In much of Christian spirituality, waiting is treated as a virtue—Advent waiting, prayerful waiting, hopeful waiting. But that language can sometimes feel abstract, almost decorative. It does not always account for the body. For the nervous system. For the long fluorescent hours in hospital wards. For the way time stretches, distorts, or presses against the ribs when you are neurodivergent.

Waiting was written from within that embodied reality.

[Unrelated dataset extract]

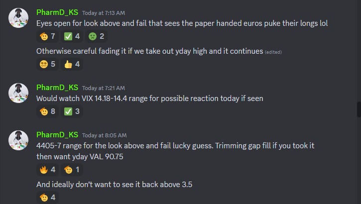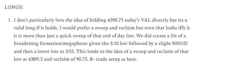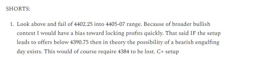 Once again, both of our top 2 setups played out exactly as described. The first was the overnight long which involved a sweep of 4389 and reclaim of 4390.75 which ran overnight into the open to high of day at 4407.75 (see 1st picture below). The second was the juicy short setup on the look above and fail of 4402.5 (typo in post said 2.25 but the level provided was 2.5) into 4405-7 range. A reminder of this setup was posted in discord before the open as well. High of day was 4407.75 and low of day was 4375 off this setup. Trims on this short were also posted in the discord ahead of time.

For those of us who are neurodivergent, waiting is rarely neutral. Anticipation can flood the system. Uncertainty can feel physically loud. Transitions are not gentle doorways but thresholds that scrape. Medical systems, train timetables, social cues, transplant lists—they ask for patience in ways that often disregard sensory intensity, pattern-thinking, or the deep need for clarity.

And yet Scripture is saturated with waiting.

“Those who wait upon the Lord…”

The groaning of creation in Romans.

The long silence between prophets.

The women waiting at the tomb before dawn.

Waiting, biblically, is not passivity. It is charged space. It is the tension between promise and fulfillment. It is the place where the body learns that hope is not the same as control.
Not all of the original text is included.